Just being friendlier to cities than Bush was, though, is a pretty low bar. Obama promised last summer to revamp the way the government deals with cities and metropolitan areas, to realign major agencies so they took a regional approach to grants and programs. "
"We need to promote strong cities as the backbone of regional growth," Obama told the U.S. Conference of Mayors in June, months before he was elected. "And yet, Washington remains trapped in an earlier era, wedded to an outdated 'urban' agenda that focuses exclusively on the problems in our cities, and ignores our growing metro areas; an agenda that confuses anti-poverty policy with a metropolitan strategy, and ends up hurting both."
But the administration's stimulus plan -- which is, so far, the only major federal spending legislation Obama has weighed in on as president -- mostly kept up that old approach, sending money to state highway departments and to state legislatures to divvy up as they wanted. The administration told advocates they didn't have a choice but to do it that way, says Carolyn Coleman, the top lobbyist for the National League of Cities. Getting the money spent quickly, to help the recovery, was more important than fitting the stimulus plan to farther-reaching goals.

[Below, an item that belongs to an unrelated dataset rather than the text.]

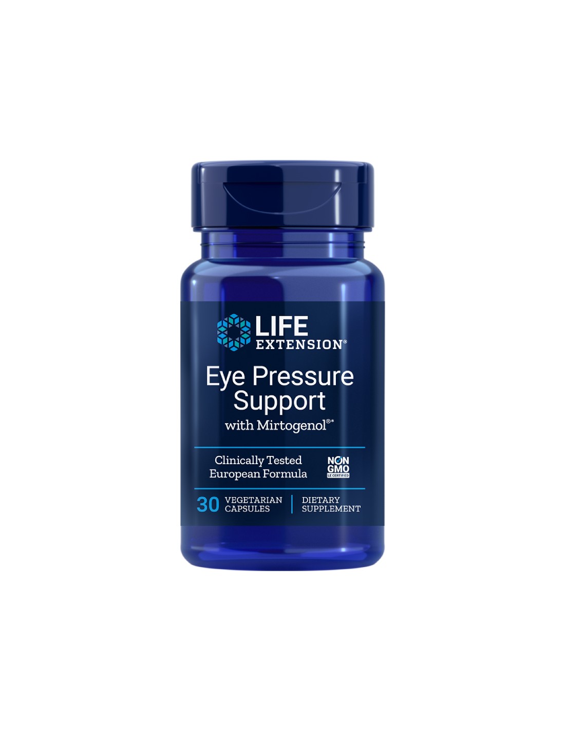 Eye Pressure Support with Mirtogenol® е хранителна добавка на Life Extension, създадена специално да поддържа здравето на очите и да регулира налягането в тях. Формулата включва два мощни растителни екстракта – Mirtoselect® от европейска боровинка (Vaccinium myrtillus L.) и Pycnogenol® от кората на френски морски бор (Pinus pinaster). Тези съставки се считат за ключови за поддържането на нормалното зрение.

The bill did still earmark $17 billion for public transit, and Obama's budget proposal -- released this month -- was more promising for urban policy experts. But it's too early to tell yet how much of it will make it through Congress. "This is a city- and metro-friendly administration at this point," says the Brookings Institution's Muro. "How metro-friendly the implementation and policy uptake will be, and how fast, is still an open question."

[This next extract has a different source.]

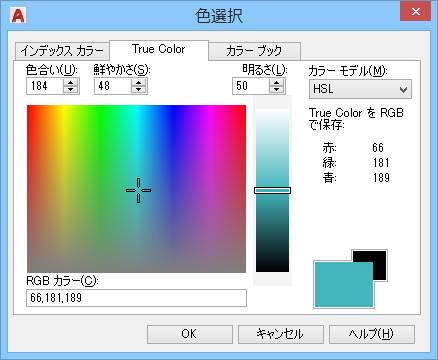 RGB カラー モデルを使用して、色を選択します。[True Color]タブで使用できるオプションは、HSL と RGB のどちらのカラー モデルを指定するかによって異なります。

What has been a disappointment already, though, is the Urban Affairs office. Its director, former Bronx Borough President Adolfo Carrión, hasn't made a public appearance since Obama named him to the job, weighed down by reports of a corruption scandal involving New York developers. The White House wouldn't make him available to discuss the administration's urban outlook. "They've been really hunkered down" trying to figure out the office's mission, an administration official told Salon. Eventually, the aide said, the goal is for the White House office to help keep lines of communication open between various Cabinet agencies that deal with cities, like HUD, Energy and Transportation.

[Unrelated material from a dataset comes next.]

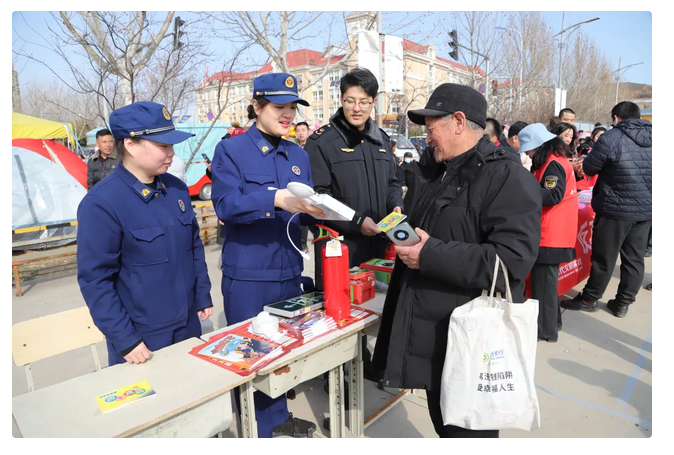 315期间正值福山区龙王山会举办之日,大队借助山会人流客流量大的特点,联合市场监管局设立流动宣传站,通过悬挂横幅、摆放宣传展板、发放宣传资料等多种形式,向过往群众普及消防产品知识,帮助群众树立正确的消防产品消费观念,进一步提高居民的消防安全意识和自我保护能力,激发群众参与打击假冒伪劣消防产品的热情。

For now, senior advisor and longtime Obama friend Valerie Jarrett is coordinating a lot of the administration's urban policy -- which may be better than anything Carrión could produce, anyway. "She's closer to the president than anybody in this administration," Cochran says. "She's like the third Obama." And some agencies, whether pushed by the White House or not, are already showing signs of working together. HUD and the Energy Department, for example, signed an agreement to make it easier for urban buildings to qualify for grants to improve their energy efficiency.
Advocates are hoping Obama's urban outlook will -- soon -- add up to more than just city boosterism. "We're on the road to wonderful, Cochran says. "But that's where we are -- on the road right now. We're getting there."